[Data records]
──────────
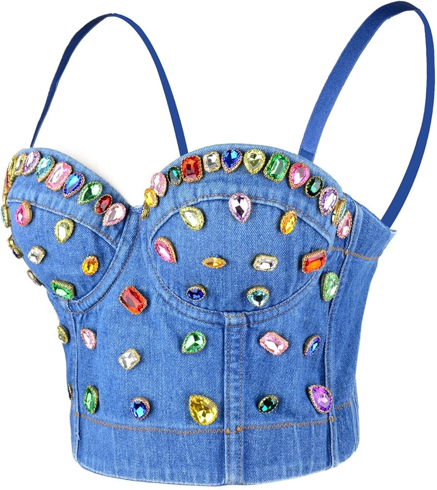 You'll be dressed to impress in this trendy denim bustier crop top! These destructed denim bustier bra features a sweetheart neckline, adjustable and detachable shoulder straps, a row of hidden hook back closures, and a padded bust. The corset top is composed of a denim fabric detailed with light destruction.
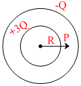 A solid metallic sphere has a charge + 3Q. Concentric with this sphere is a conducting spherical shell having charge - Q. The radius of the sphere is a and that of the spherical shell is b (b > a). What is the electric field at a distance R (a < R < b) from the centre ?
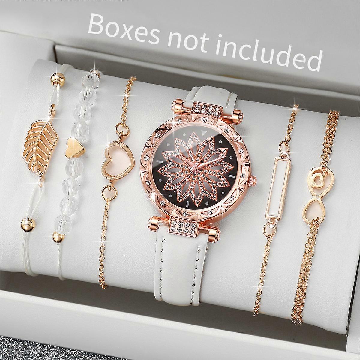 6 Pieces/Set Watch for Women Fashion Rhinestone Flower Dial Watches Quartz Bracelets Set (Without Box)
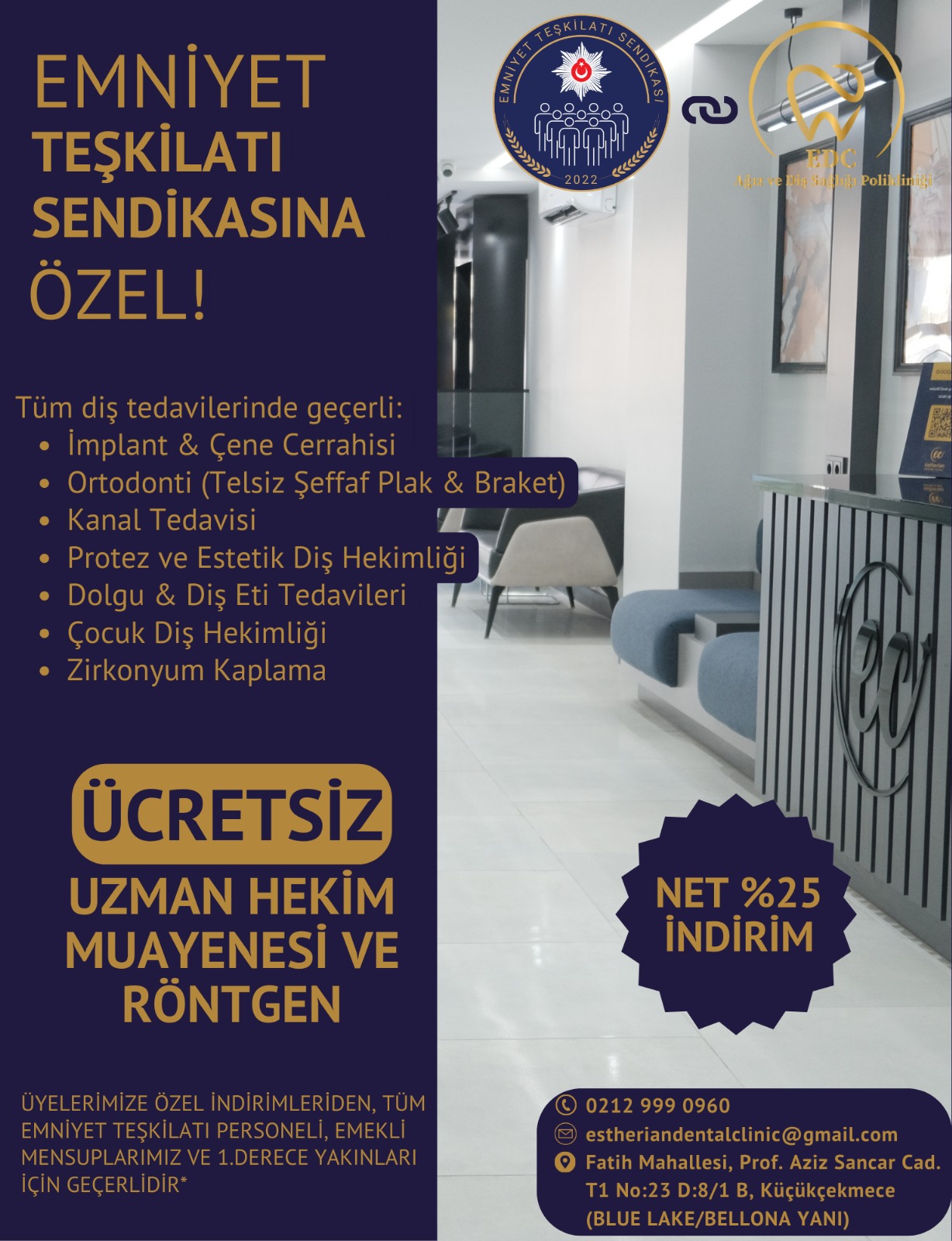 Emniyet Teşkilatı Sendikası ile Esteriadental arasında %25 indirim anlaşması imzalanmıştır.
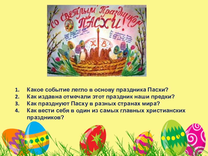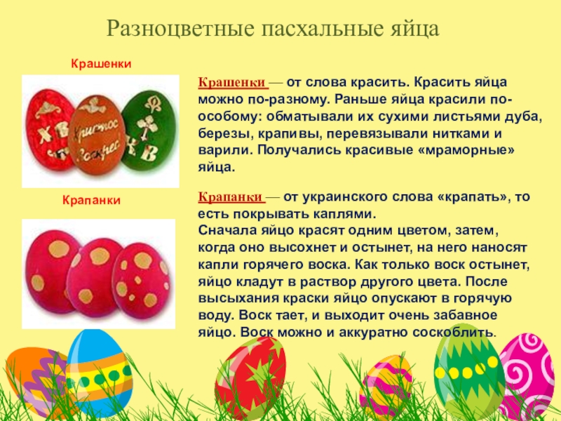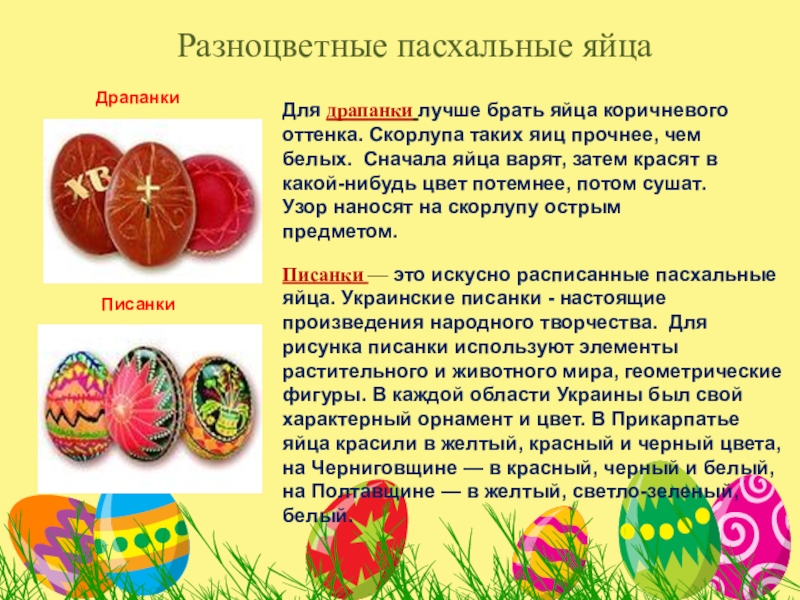 Писанки — это искусно расписанные пасхальные яйца. Украинские писанки - настоящие произведения народного творчества. Для рисунка писанки используют элементы растительного и животного мира, геометрические фигуры. В каждой области Украины был свой характерный орнамент и цвет. В Прикарпатье яйца красили в желтый, красный и черный цвета, на Черниговщине — в красный, черный и белый, на Полтавщине — в желтый, светло-зеленый, белый.
──────────
## Task to complete
Every entry above is to be transcribed exactly, with all pictures left out.

## Solution
 You'll be dressed to impress in this trendy denim bustier crop top! These destructed denim bustier bra features a sweetheart neckline, adjustable and detachable shoulder straps, a row of hidden hook back closures, and a padded bust. The corset top is composed of a denim fabric detailed with light destruction.
 A solid metallic sphere has a charge + 3Q. Concentric with this sphere is a conducting spherical shell having charge - Q. The radius of the sphere is a and that of the spherical shell is b (b > a). What is the electric field at a distance R (a < R < b) from the centre ?
 6 Pieces/Set Watch for Women Fashion Rhinestone Flower Dial Watches Quartz Bracelets Set (Without Box)
 Emniyet Teşkilatı Sendikası ile Esteriadental arasında %25 indirim anlaşması imzalanmıştır.
 Писанки — это искусно расписанные пасхальные яйца. Украинские писанки - настоящие произведения народного творчества. Для рисунка писанки используют элементы растительного и животного мира, геометрические фигуры. В каждой области Украины был свой характерный орнамент и цвет. В Прикарпатье яйца красили в желтый, красный и черный цвета, на Черниговщине — в красный, черный и белый, на Полтавщине — в желтый, светло-зеленый, белый.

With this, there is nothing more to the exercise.